The UK Home Office published its third update in three months on May 20, 2026, introducing changes to right to work (RTW) checks and sponsor licence requirements for employers. The update reverses earlier guidance from April that required sponsors to conduct RTW checks on anyone they ‘directly engage,’ restoring the position held before March 2026.
Under the new guidance, sponsors are no longer required to carry out RTW checks on non-sponsored workers they directly engage rather than employ. However, sponsors must continue performing RTW checks on all sponsored staff—whether employees or not—and all unsponsored employees. The scope of record-keeping duties has also expanded: sponsors now need to retain evidence of RTW checks for their entire sponsored or employed workforce.
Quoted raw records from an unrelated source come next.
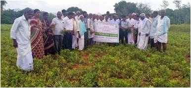 Groundnut is an important oilseed crop grown in kharif /summer in Tumakuru district. The farmers of Pavagada taluk have been growing this crop for many years with available local variety (TMV-2), which are ungraded, having low vigour, viability and susceptible to many of the pests & diseases. In addition to this, most of the farmers are not following the recommended package of practices which reflects on the yield & quality of groundnut. TMV-2 variety is very much susceptible for leaf spot and leaf miner and suffers yield loss up to 33%.
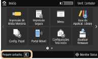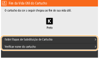 Especifique quando deve aparecer uma mensagemPode definir qualquer valor como a percentagem de toner restante no cartucho que desencadeia a mensagem. <Exibir Tempo para Prep. Cart.>/<Exibir Tempo para Prep. Cartucho Notif.>
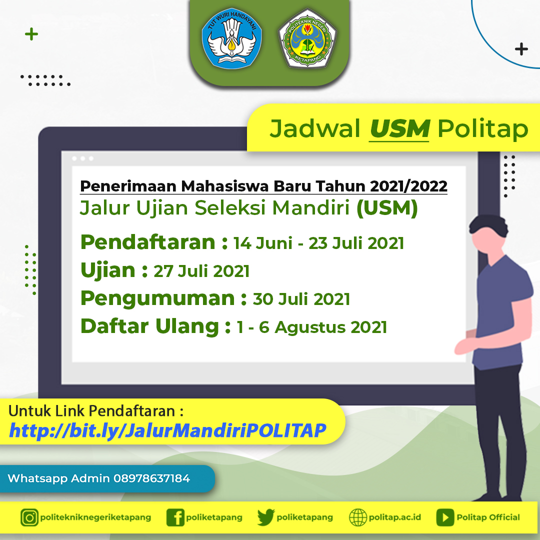 Dalam rangka penerimaan mahasiswa baru Tahun Akademik 2021/2022 Politeknik membuka Jalur mandiri yang bernama Ujian Seleksi Mandiri (USM). Jalur ini dibuka untuk umum dengan syarat-syarat dibawah ini.
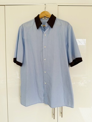 Clerks but make it fashun! The brown contrast on this super 90s oversized s/s button up is **chefs kiss
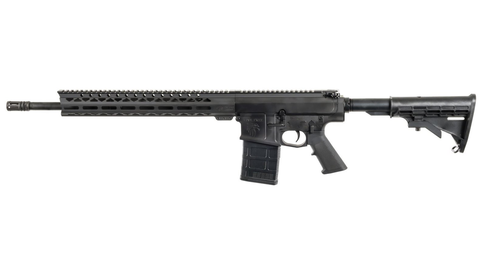 The LF308 Battle Rifle is an optics ready aluminum frame rifle. LF308 Battle Rifle features a 18” stainless steel barrel with a free-floating M-LOK handguard a single-stage mil-spec trigger. The LF308 Battle Rifle is built for your everyday freedom loving American. This rifle is ready to get down and dirty.
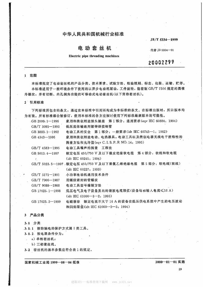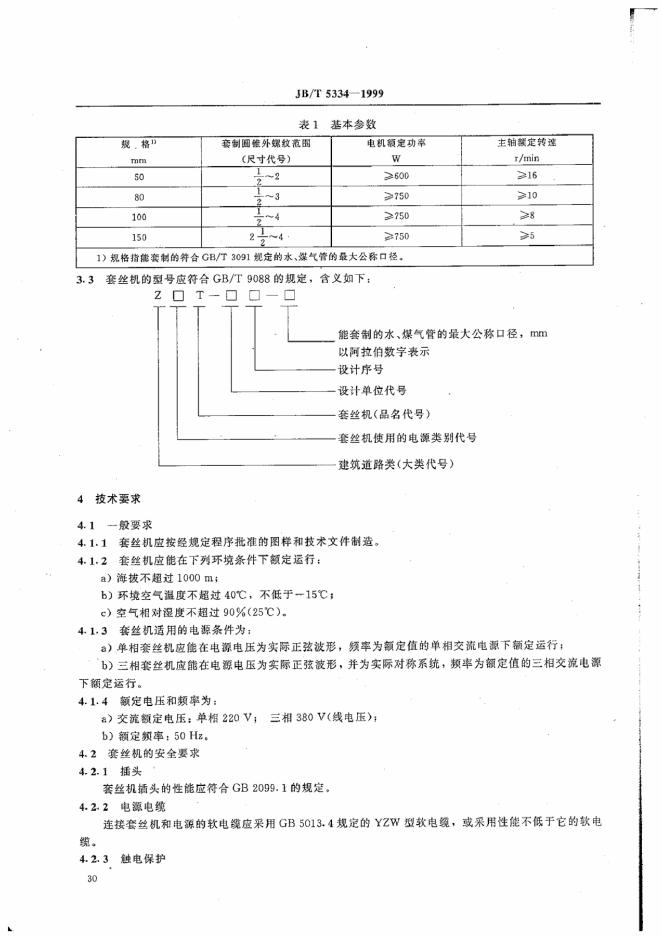 JB 5334-1991 电动套丝机
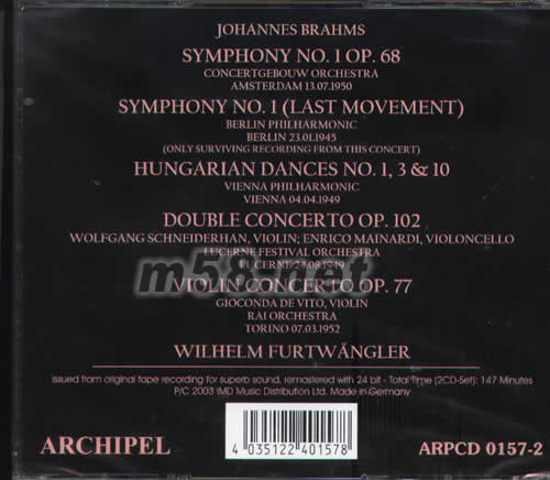 JOHANNES BRAHMS SYMPHONY NO.1 OP.68 CONCERTGEBOUW ORCHESTRA AMSTERDAM SYMPHONY NO.1(LAST MOVEMENT) BERLIN PHILHARMONIC BERLIN (ONLY SURVIVING RECORDING FROM THIS CONCERT) HUNGARIAN DANCES NO.1,3&10 VIENNA PHILHARMONIC VIENNA DOUBLE CONCERTO OP.102 WOLFGANG SCHNEIDERHAN,VIOLIN;ENRICO MAINARDI,VIOLONCELLO LUCERNE FESTIVAL ORCHESTRA LUCERNE VIOLIN CONCERTO OP.77 GIOCONDA DE VITO ,VIOLIN RAI ROCHESTRA TORINO WILHELM FURTWANGLER
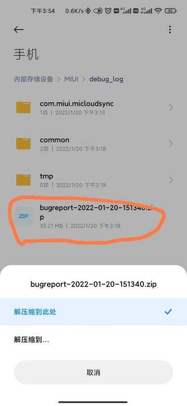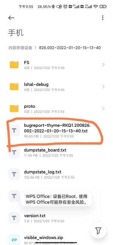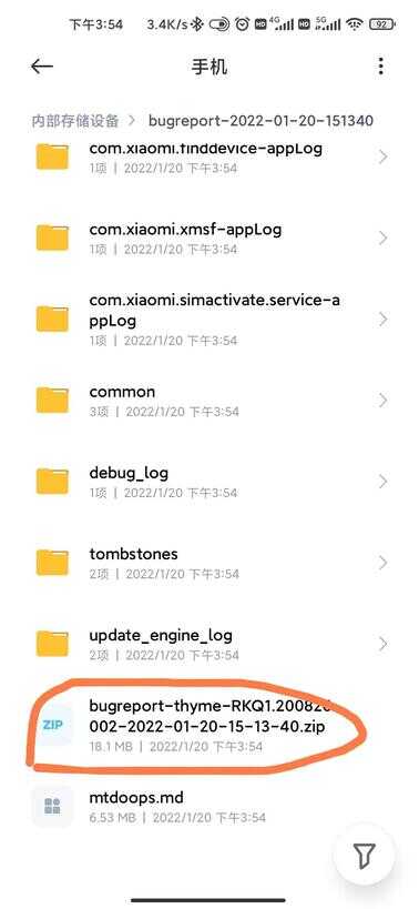 2.生成完毕后打开MIUI/debug_log文件夹,里面的bugreport开头的压缩包就是了,将它解压出来,里面还有一个文件名中有thyme的压缩包,再解压,里面有一个很大的文本文件[bugreport-thyme-]开头的就是,打开后全局搜索“healthd”就能找到了

The Home Office clarified that a sponsor licence is likely to be revoked if a sponsored worker does not have relevant permission to work. Additionally, applications may be refused or revoked if it is presumed that an organisation was primarily established to bring someone into the UK. The updated guidance provides examples where companies might be considered as existing mainly for this purpose and warns that insufficient evidence of genuine business activity could result in refusal or revocation of a sponsor licence.
Further clarifications address what constitutes an operating or trading presence in the UK. If there is no significant trade activity with external clients or evidence points toward ‘circular trading’ between related entities, the Home Office may conclude there is no meaningful operating presence. Definitions for ‘trading’ and ‘operating’ have been added: trading refers broadly to providing goods or services commercially, while operating includes activities by charities and businesses preparing for future commercial activity.
Employers should expect more changes when legislation under the Border Security, Asylum and Immigration Act 2025 comes into effect as early as autumn 2026. This law broadens RTW check requirements and increases potential penalties, but details about implementation remain unclear.